The Efficacy of the GABA[underline]A[/underline] Receptor Endogenous Phosphorylation Is Decreased in the Human Epileptogenic Tissue.
Abstract number :
2.033
Submission category :
Year :
2001
Submission ID :
2711
Source :
www.aesnet.org
Presentation date :
12/1/2001 12:00:00 AM
Published date :
Dec 1, 2001, 06:00 AM
Authors :
R. Pumain, PhD, U109, Inserm, Paris, France; I. Kurcewicz, U109, Inserm, Paris, France; F. Minier, PhD, Neurosciences, Un. de Rennes, Rennes, France; J. Louvel, PhD, U109, Inserm, Paris, France; B. Turak, MD, U109, Inserm, Paris, France; B. Devaux, MD, Ne
RATIONALE: Maintenance of GABA currents requires that the type A receptors (GABAA-R) be phosphorylated by a specific, closely associated endogenous kinase. We have shown in the bovine cortex, that the endogenous kinase was the glyceraldehyde-3-phosphate deshydrogenase (GAPDH), an enzyme of the glycolysis. This protein has been shown to specifically phosphorylate of the [alpha]1 subunit of purified GABAA-R. Run-down of GABA induced currents of acutely dissociated rat neocortical neurons was decreased or prevented by the protein or its specific substrate, glyceraldehyde-3-phosphate (G-3-P), and accelerated by iodacetamide, which inactivates GAPDH.

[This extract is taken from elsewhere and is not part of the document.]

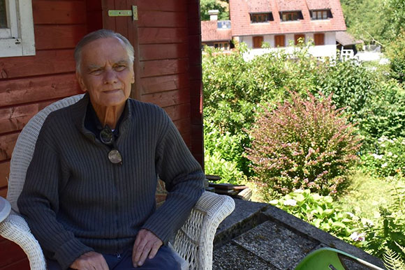 Hans Viardot und ich nahmen vor einem Gartenhäuschen Platz und beobachteten das Gewusel der Bienen auf den Blüten. An diesem Tag waren kaum Hummeln zu sehen. Der ehemalige Landarzt, der von 1973 bis 2005 eine Praxis in Tegernau führte, erklärte sich das mit der Hitze. An anderen Tagen habe er mehr als 20 Hummeln auf einer Fläche von etwa einem Quadratmeter gesehen. Man sah es dem kranken Arzt an, wie er sich über die Natur in seinem Garten freute. Besonders schön anzusehen, waren die Schmetterlinge, die hier herumflogen und Nektar saugten. Zu sehen waren Heufalter, Kohlweißlinge, Zitronenfalter, der kleine Fuchs und das Schachbrett (Damenbrett). Hans Viardot bemerkte, dass er auf seiner Wiese keinen Dünger verwendet und nur alle 2 Jahre Kalk gegen den sauren Regen ausstreut. Auch hat er nie den Boden vertikuliert. „Dadurch bleiben Bodenbakterien und Regenwürmer im Boden und auch Moos erhalten.“ Er war stolz auf seine Naturwiese und wurde immer wieder mit einer prächtigen Blumenwiese belohnt.
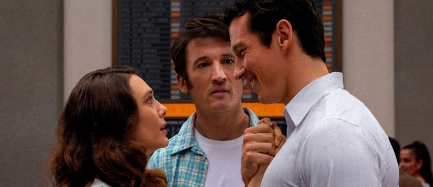 Larry “wakes up” to find himself at The Junction, which looks like a big hotel complex on top of a train station. But Larry, now played by Miles Teller, is 35, because in this version of the afterlife people appear how they looked in the happiest year of their life. And of course very few people, especially in Hollywood romcoms, are happier at 65 than at 35.

METHODS: We have tested whether neurons from cortectomies taken from epileptic patients undergoing neurosurgery for therapeutic reasons revealed a similar modulation of the GABAA responses.
RESULTS: Phosphorylation of the [alpha]1 subunit of GABAA-R was significantly reduced in the epileptogenic cortex (40%), compared to post-mortem control human cortex. This feature was not related to a reduced number of GABAA-R in the epileptogenic tissue since no correlation could be found between incorporation of phosphate on [alpha]1 subunits and binding to [3H flunitrazepam] on the same subunits. Patch-clamp experiments on acutely dissociated cells from epileptogenic human tissue revealed that the run down of GABAA responses was faster in the human tissue when compared to the normal rat cortex. After introduction in the intracellular perfusate, G-3-P markedly reduced the run down of the GABAA responses. However, its efficacy was less than in the control rat cortex. Iodoacetamide accelerated the run down.
CONCLUSIONS: These experiments show that GAPDH is very likely the endogenous kinase phosphorylating the [alpha]1 subunit of the GABAA-R in humans, reducing run-down of the GABAA responses. Phosphorylation of the [alpha]1 subunit appears to be less efficient in the epileptic than in control tissue, which can promote propagation of seizures. In addition, this feature parallels the hypometabolism associated with the epileptogenic zone in epileptic patients.